Take a look in the dieting rear view mirror and you’ll see some interesting sights.
There’s the grapefruit diet, the cookie diet, the water diet, the low calorie diet and, my favourite, the low fat diet.
They’re all wrong; they’re all based on erroneous science and they’ll all make you gain weight ultimately, not lose it.
In the 1950s there was a major study in the US between two physiologists – Ancel Keys and John Yudkin. Keys argued saturated fat should be eliminated from the diet and Yudkin argued the culprit in weight gain was sugar.
Keys’ hypothesis was supposedly proven but only because he looked at sympathetic research from around the world, not the research that disproved his claim. Even though it was later determined that Yudkin was correct, it stayed in people’s minds for the rest of the 20th century, and beyond, that all fat was bad.
When my book, Fat or Fiction, came out 20 years ago I was slammed for misleading people and setting off heart attacks around the country. Of course now, everyone agrees with me, that healthy fats are a crucial part of a balanced diet.
Then there’s calories – they were developed in the 1820s by a French physicist measuring the heat in steam trains. Sure, it was updated in the 1880’s in the US where a scientist decided to apply that equation to food by measuring a person’s excrement against food intake but, of course, every food has a different impact on insulin which is what really matters in the weight loss quest.
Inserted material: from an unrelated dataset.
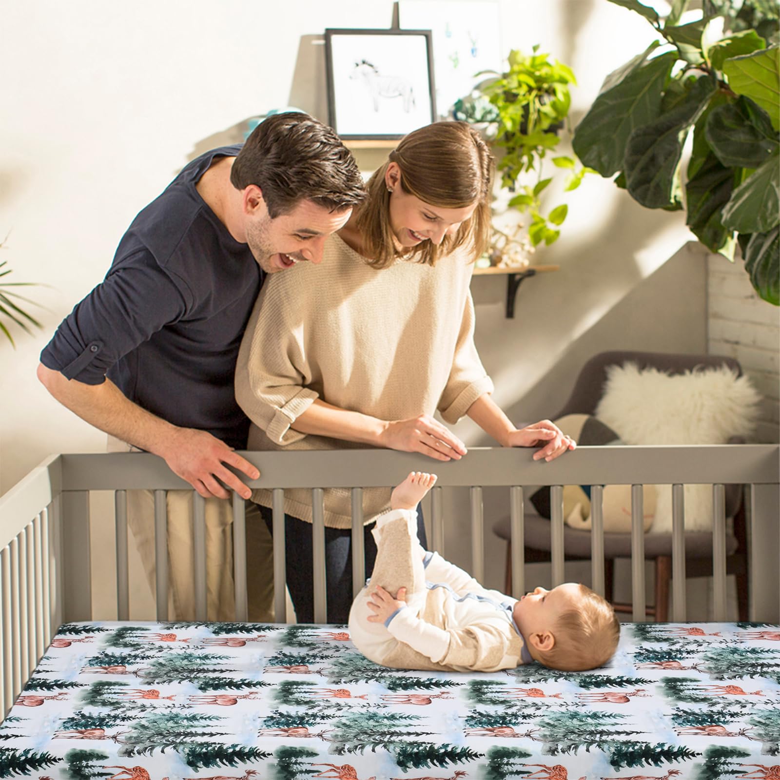 ใEasy Careใ: Simply toss this tree crib sheet into the washing machine on gentle cycle and they'll be as good as new. Please be careful not to let this product direct contact with undiluted detergent to avoid local fading. Try to avoid sun exposure, can dry it on the reverse side. The high-quality fabric ensures that standard crib sheet retains its shape, color, and softness even after multiple washes, making it a practical and long-lasting investment.

To this day, calories are still listed on food packaging but they really don’t matter.
What does matter is the time you eat – making sure there’s a five hour gap between meals and a 12 hour gap between dinner and breakfast. You also have to cut the snacking, sugar, processed foods and fill your diet with whole foods instead.
It really is that simple.
There’s no magic pill to take that will wipe off your weight and all of your health challenges. You can’t take a pill and expect to eat rubbish without getting a chronic disease. The science just doesn’t work like that.
Let’s look in that rear view mirror and learn from our mistakes, open our minds to the simple truth that you have to manage your metabolic response to foods by regulating your insulin levels. That means thinking about what and when you eat.